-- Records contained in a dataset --
::::

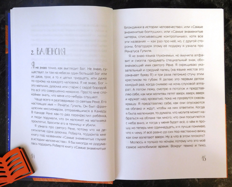 Интересно, как автор строит повествование. Эту историю рассказывают разные герои. Сначала мы видим ситуацию с позиции Верджила, потом со стороны Каори, Валенсии, Чета Быковски. Мы словно побываем в голове у каждого персонажа, узнаем его мысли, переживания, желания, понаблюдаем за его обычной жизнью. Так, например, девочка Валенсия, в которую влюблён Вёрджел, - глухонемая. И её история позволит нам познакомиться с каждодневными проблемами глухонемых.
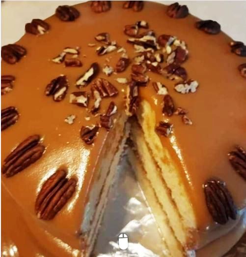 την ρίξετε πάνω απο το κέικ και διακοσμήστε με τα πεκάν η καρύδια από πάνω.
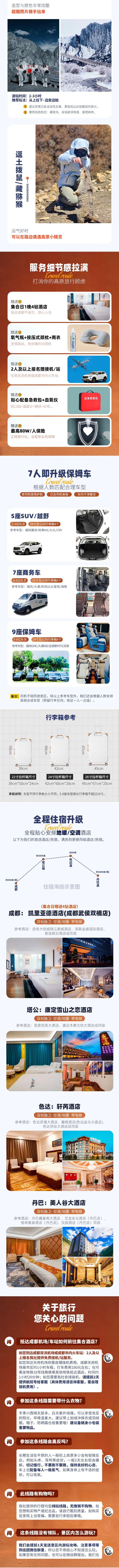 (1)以上行程时间安排可能会因天气、路况等原因做相应整,正常情况下完团回到成都时间为晚上19:00-20:00,如果必须当日离开,请定23:00以后的回程大交通,以免耽误行程,敬请谅解;
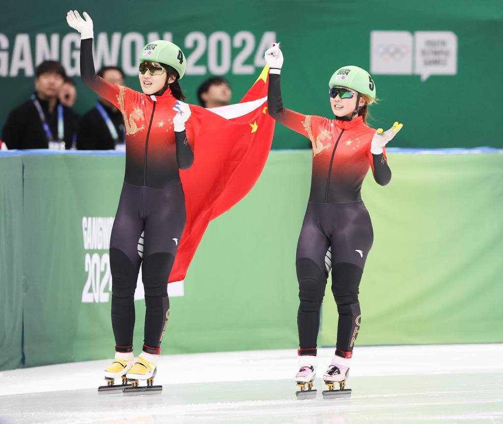 1月20日,中國選手楊婧茹(右)與李金恣在比賽后慶祝。 新華社記者 許雅楠 攝
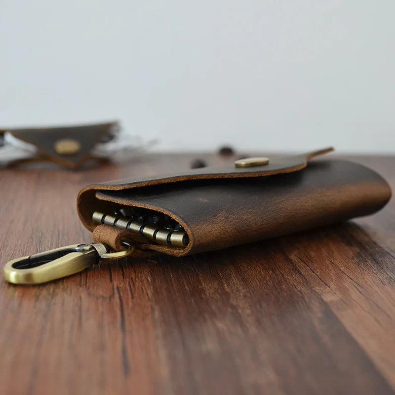 Vintage Leather Key Holder Wallet 6 Hooks - Men Key Housekeeper Bag
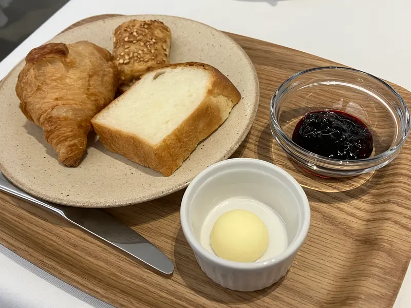 『自家製食パン』に『北海道産無塩バター』をつけて、お好みで『自家製ハスカップジャム』、『自家製イチゴジャム』をつけてどうぞ!

::::

-- EXERCISE OBJECTIVE --
Leave out the pictures and repeat exactly the lines from the first line of the data through the line containing "Vintage Leather Key". Add nothing else.

-- RESULT FOR THIS EXERCISE --
 Интересно, как автор строит повествование. Эту историю рассказывают разные герои. Сначала мы видим ситуацию с позиции Верджила, потом со стороны Каори, Валенсии, Чета Быковски. Мы словно побываем в голове у каждого персонажа, узнаем его мысли, переживания, желания, понаблюдаем за его обычной жизнью. Так, например, девочка Валенсия, в которую влюблён Вёрджел, - глухонемая. И её история позволит нам познакомиться с каждодневными проблемами глухонемых.
 την ρίξετε πάνω απο το κέικ και διακοσμήστε με τα πεκάν η καρύδια από πάνω.
 (1)以上行程时间安排可能会因天气、路况等原因做相应整,正常情况下完团回到成都时间为晚上19:00-20:00,如果必须当日离开,请定23:00以后的回程大交通,以免耽误行程,敬请谅解;
 1月20日,中國選手楊婧茹(右)與李金恣在比賽后慶祝。 新華社記者 許雅楠 攝
 Vintage Leather Key Holder Wallet 6 Hooks - Men Key Housekeeper Bag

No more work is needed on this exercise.